This tutorial describes how to run GSFA on LUHMES CROP-seq data after preprocessing.
/project2/xinhe/yifan/Factor_analysis/LUHMES/run_gsfa_negctrl.R
/project2/xinhe/yifan/Factor_analysis/LUHMES/gsfa_negctrl_job.sbatch
library(data.table)
library(tidyverse)
library(GSFA)
Processed gene expression matrix: /project2/xinhe/yifan/Factor_analysis/LUHMES/processed_data/deviance_residual.merged_top_6k.corrected_4.scaled.rds
Binarized perturbation matrix: /project2/xinhe/yifan/Factor_analysis/LUHMES/processed_data/merged_metadata.rds
In fit_gsfa_multivar()
, we specify 20 factors initialized from truncated SVD and run Gibbs sampling for 3000 iterations, with the posterior mean estimates computed over the last 1000 iterations of samples.

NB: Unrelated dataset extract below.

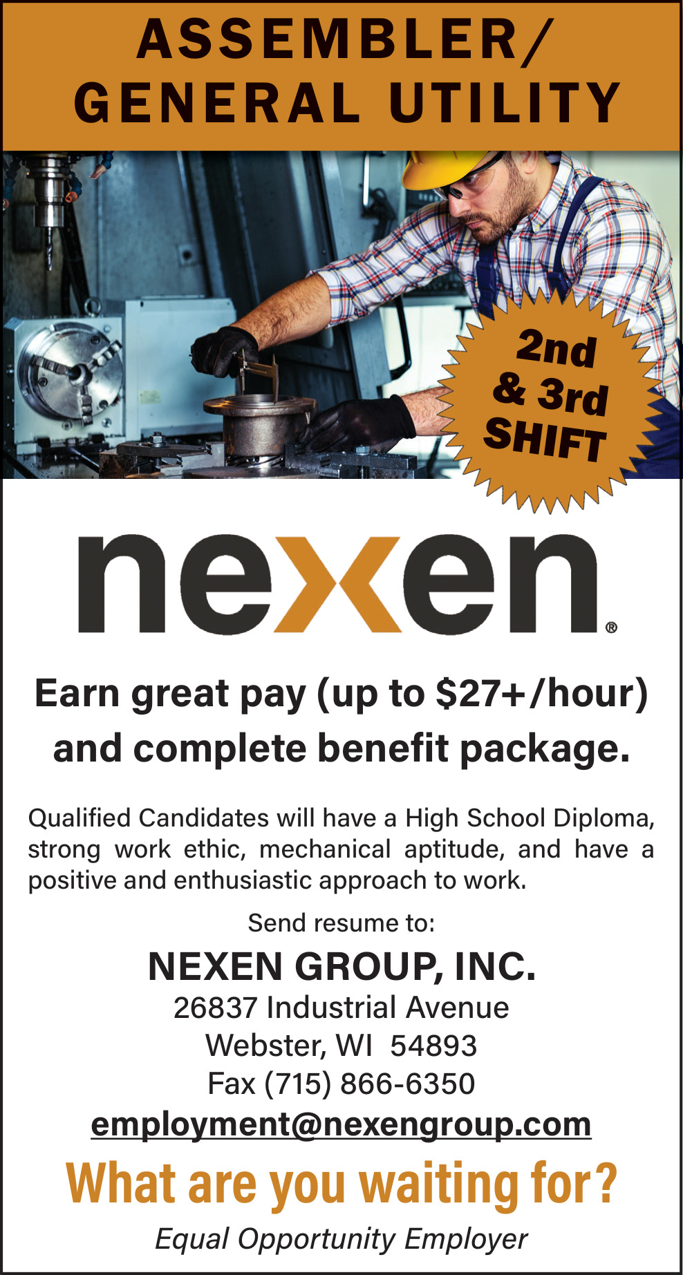 Jobs for Nexen Group, Inc. in Webster, WI

We further calibrate the differential effects of gRNA targets by subtracting the raw coefficients (beta's) of gRNAs by the beta of the negative control group ("Nontargeting"). This is done by setting the options use_neg_control = T
and neg_control_index = negctrl_index
in fit_gsfa_multivar()
.
This process is both time and memory intensive. We recommend submitting the R script as an sbatch job to a high performance computing cluster that can guarantee 50GB memory and 3.5 hours of runtime without interruption.